- TO DO
Aside from the pictures, copy the listing exactly.

- PROVIDED DATA
========================================

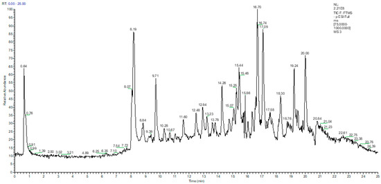 The total ion current (TIC) chromatogram obtained for the separation of targeted phenolic compounds from extra-virgin olive oil liquid extract using UHPLC–MS/MS detection in negative ionization mode.
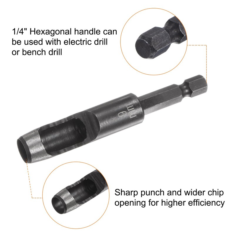 - Application - The leather hole-cutting tool can be used with an electric drill or drill press, widely used for punching leather, belts, soft plastics, rubber, PVC boards, and other materials. It's a common tool for families, craft enthusiasts, and making studios.
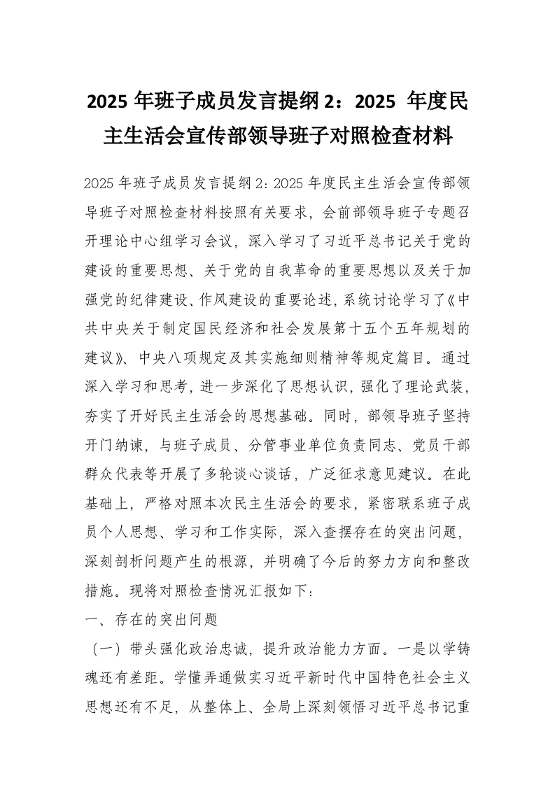 2025年班子成员发言提纲2:2025 年度民主生活会宣传部领导班子对照检查材料

========================================

- ANSWER TO THE PROBLEM
 The total ion current (TIC) chromatogram obtained for the separation of targeted phenolic compounds from extra-virgin olive oil liquid extract using UHPLC–MS/MS detection in negative ionization mode.
 - Application - The leather hole-cutting tool can be used with an electric drill or drill press, widely used for punching leather, belts, soft plastics, rubber, PVC boards, and other materials. It's a common tool for families, craft enthusiasts, and making studios.
 2025年班子成员发言提纲2:2025 年度民主生活会宣传部领导班子对照检查材料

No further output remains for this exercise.